Last night I re-watched Crash, and my wife watched it for the first time. She’s a smart cookie, and was catching on to some events before they happened, and would ask me if this or that was going to happen. Before I met her, most the moms I knew had difficulty or flat out didn’t want to see, any movie in which a child was a victim. My wife isn’t any different, and we’ve had to turn off a movie or two in the past.

Of course the character she liked most was the hard working and doting father, Daniel (played by Michael Pena), and she instantly connected with him on a parent level in the scene where he gives his daughter her “impenetrable cloak.” She put the pieces together fairly quickly, and began asking me if the store owner was going to hurt or kill him. I didn’t want to give it away, but I knew she’d be pissed at me if he was killed and I let her watch. So I told her the truth, that he isn’t hurt. Soon the store owner was robbed and found Daniels name on a receipt, and my wife stirred in her seat. As the lunatic owner sat outside Daniels home, she asked if something happened to his daughter. I said that she wouldn’t be killed.

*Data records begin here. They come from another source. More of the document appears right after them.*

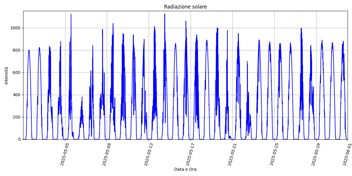 La radiazione solare si mostra in ulteriore crescita, 12,94 ore medie giornaliere.
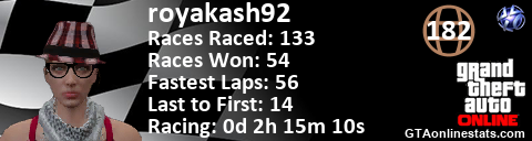 <a href="http://GTAonlinestats.com/showplayer/royakash92"><img src="http://GTAonlinestats.com/racesignature/royakash92/sig.png" alt="royakash92" border="0" /></a>
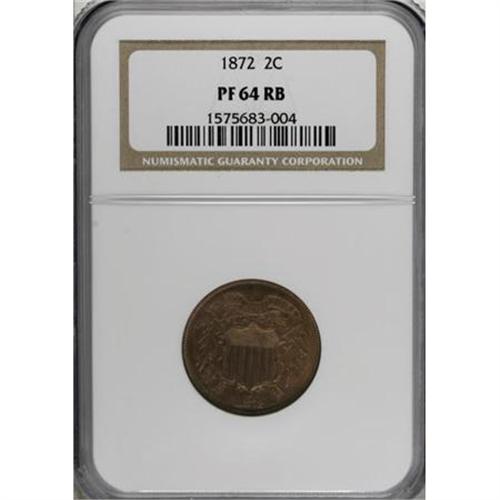 <B>1872 2C PR64 Red and Brown NGC.</B></I> An attractive example of the last proof two cent issue to have accompanying business strikes. The copper-orange of the obverse gives way to nutmeg and mahogany on the boldly impressed, modestly hairlined reverse.<BR><BR><B>Coin Engraver:</B> James B. Longacre<BR><BR><b>Shipping:</b> Coins & Currency (<a target="_blank" href="http://www.heritageauctions.com/common/shipping.php">view shipping information</a>)
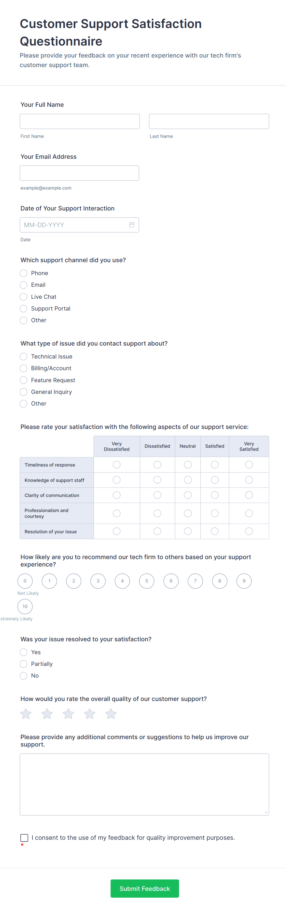 Customer Feedback Form Template
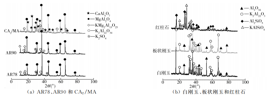 1300℃×5h條件下不同試樣與堿鹽反應后的的XRD圖譜如圖2所示。由圖2中可看出,AR78和AR90與堿鹽反應生成鉀β-Al2O3(K2O·11Al2O3)、KMg2Al15O25和K2SO4,CA2/MA與堿鹽反應生成鉀β-Al2O3和KMg2A15O25,其生成物相衍射峰強度低,表明材料與堿鹽反應程度小,所引起的體積膨脹較小。這是由于實驗選用的尖晶石均為富鋁尖晶石,其在固溶Al2O3時發生了3Mg2+—2Al3+非等價置換,結果導致晶面間距和晶格常數減小,使尖晶石材料結構致密,從而能有效抑制堿鹽的滲透和侵蝕。白剛玉和板狀剛玉與堿鹽反應生成K2O·11Al2O3,紅柱石與堿鹽反應生成KAlSiO4和AlO3,其生成物的衍射峰強度較高。這是由于與堿鹽反應生成的新礦物相密度小于耐火材料原始相密度,從而引起較大的體積膨脹。對應于表1中較大線變化率的試樣,其材料抗堿性能較差。
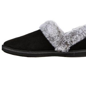 This casual comfort slipper features a soft woven fabric upper with a cozy warm lining, faux-fur trim, and a cushioned Skechers Memory Foam™ comfort footbed.
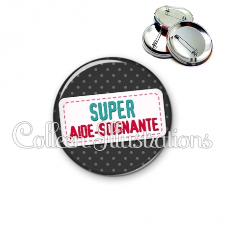 Image imprimée en haute résolution sur papier de qualité, protégée d'un film plastique, et sertie sur une coque et épingle métallique.
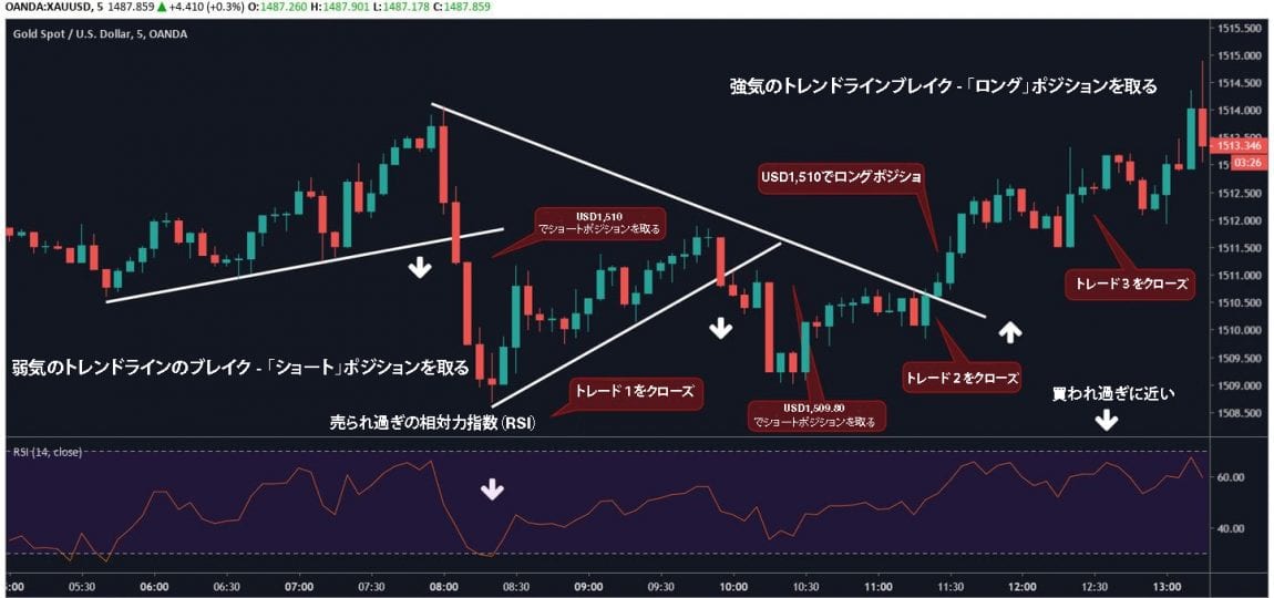 金の価格が5分足チャートの下降傾向ラインを上に抜けると、2番目のショートトレードをクローズするシグナルが現れます。これにより、トレードバイアスが強気に(ポジティブに)なり、ロングポジションで新たな関心が生まれます。この例では、スキャルピングトレーダーは3番目のトレードをオープンすると同時に2番目のトレードをクローズする場合があります。
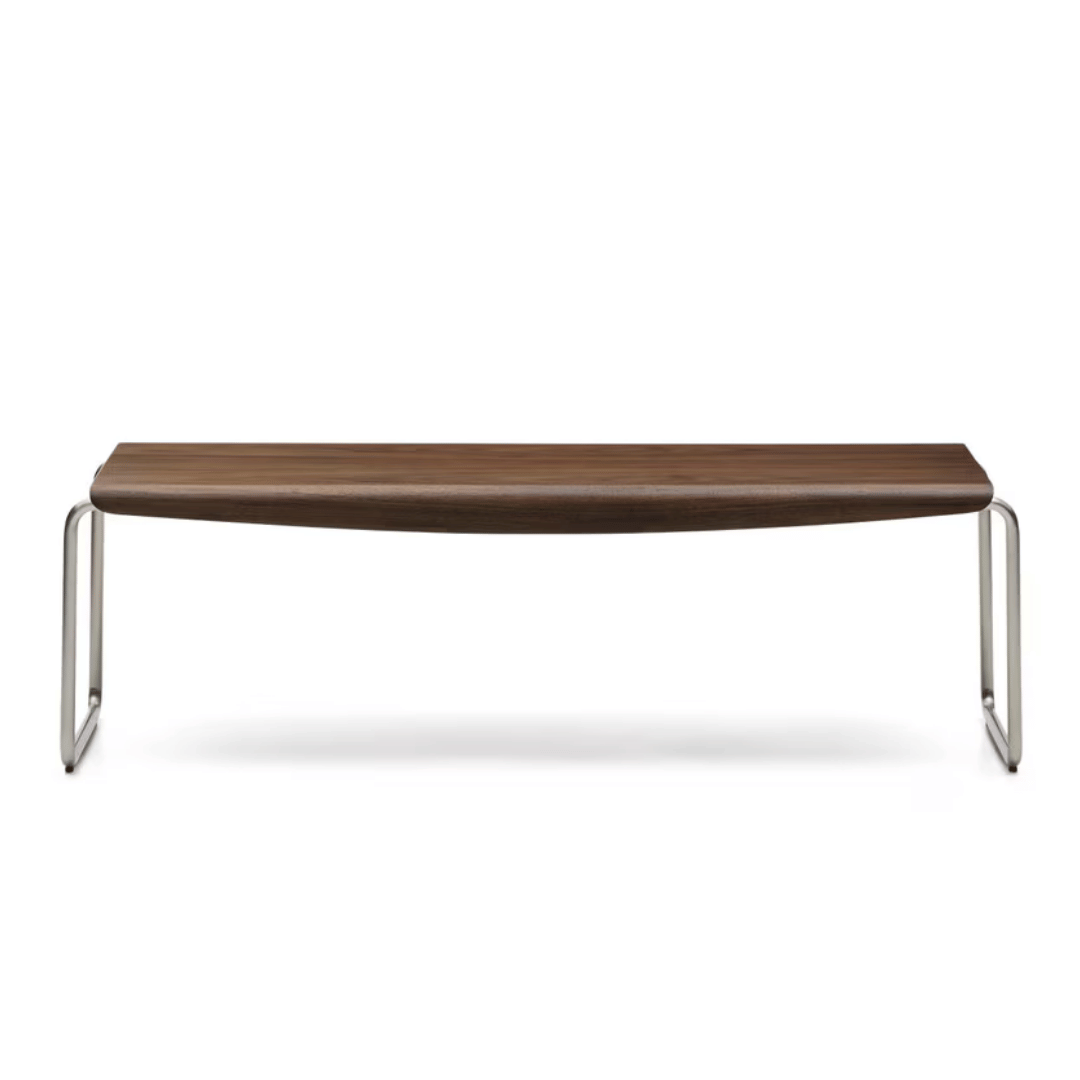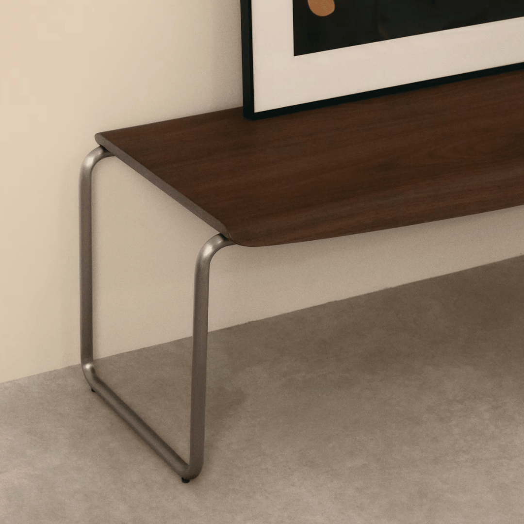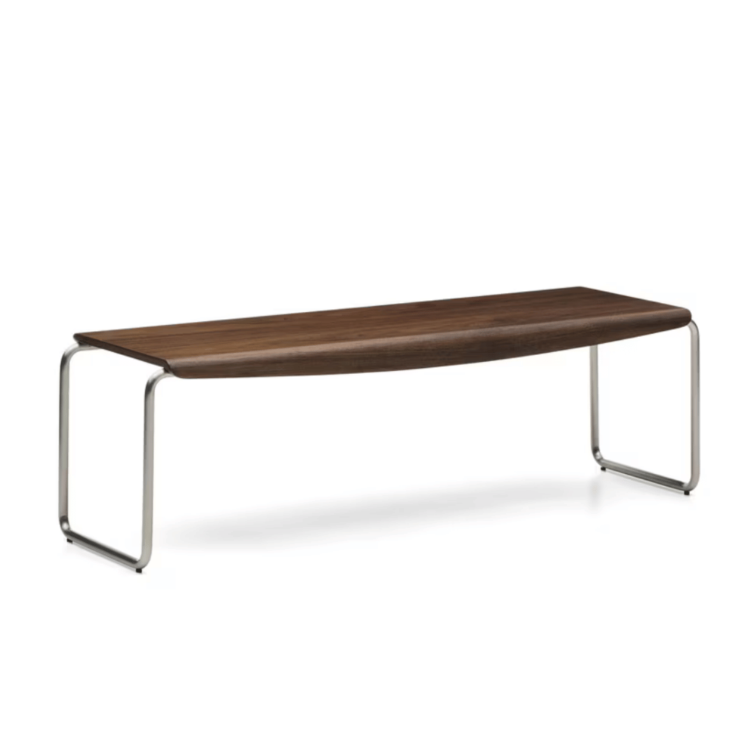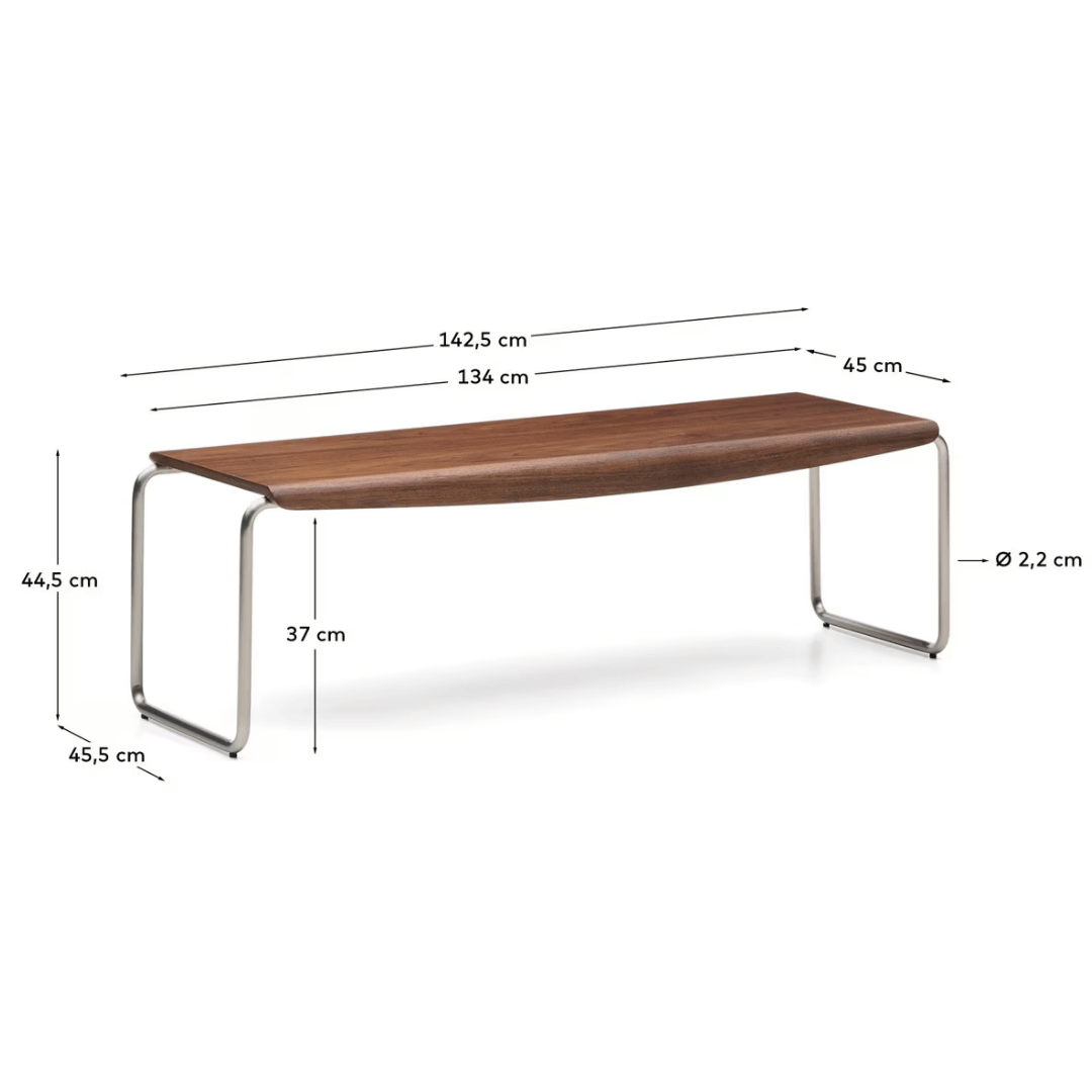 Introduce a timeless, mid-century elegance to your home with the Tarsel bench seat. Dark walnut and brushed chrome combine to create a visual synergy. Designed with versatility in mind, the Walnut top features a slightly curved edge that complements the minimalist design. Combine with any other piece from the Tarsel range for the ultimate retro look.
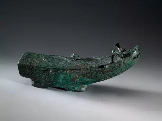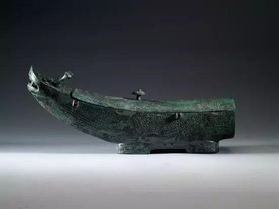 铜质。通体为角状,前端做龙首形,露齿昂翘,瞠目张角,龇牙咧嘴为流。盖面饰逶迤的龙体花纹与前端龙首衔接,衬涡旋纹。腹两侧各置一对贯耳用于悬挂;以涡纹、云纹为衬托,饰鼍纹和夔龙纹,头向与龙首相反,颇富动感。圈足饰相对的夔龙纹,更增稳定之感。整体造型奇特,独具风采。纹饰粗犷,线条流畅明快,特别是鼍纹在青铜器中极为少见。属商代晚期风格。

It was true, and I knew she’d be upset by the scene in which we are lead to believe she’s shot, but I didn’t want to dilute the scene.

Then it happened, that powerful moment where Lara leaps into her father’s arms to protect him just as the gun goes off. She gasped, and I quickly told her that the girl was okay. But it was too late. It didn’t matter that for two seconds she thought the girl had been shot, those two seconds was all it took. I may get in trouble here, but my wife cried. Probably a mixture of emotions; horrified, sad, pissed at me, confused and top of the list, imaging she and the Kyd in that situation.

I’m fairly certain that not telling her what was the come was the “right” thing to do, but it didn’t make it the easy thing to do. Crash, in my opinion, is an important movie, and I didn’t want to lessen the impact because those two seconds stay with you. The silent scream we see from Daniel is completely audible in our heads.

Earlier in the evening, I was watching another Don Cheadle movie, Talk to Me. I saw it last summer, and it’s a solid B, maybe B+ movie. But I was distracted by the voices in my head. I had an idea for a cast that in part I really would like to see assembled, and part of me wondered why it hadn’t happened yet. I want to see a movie with Denzel, Cheadle, Terrance Howard, Jeffrey Wright, Thadie Newton, and Halle Berry. Just give us a great script with great characters for a talented cast. Race doesn’t need to be a theme, and lets just skip the bio-pic, which seems to be the only time the masses will accept a largely black cast. Give us The Departed or a Saving Private Ryan. Throw a ton of money behind it, and put a world class director in the chair. Don’t market it with a soundtrack of the most popular rappers of the day. Score it as you’d score any great movie. No token white guy roles, unless it’s the right actor for the part.

It could be a monumental movie, and not a monumental “black” movie, only when that adjective is removed from the description. And there’s absolutely no reason this cast shouldn’t be assembled.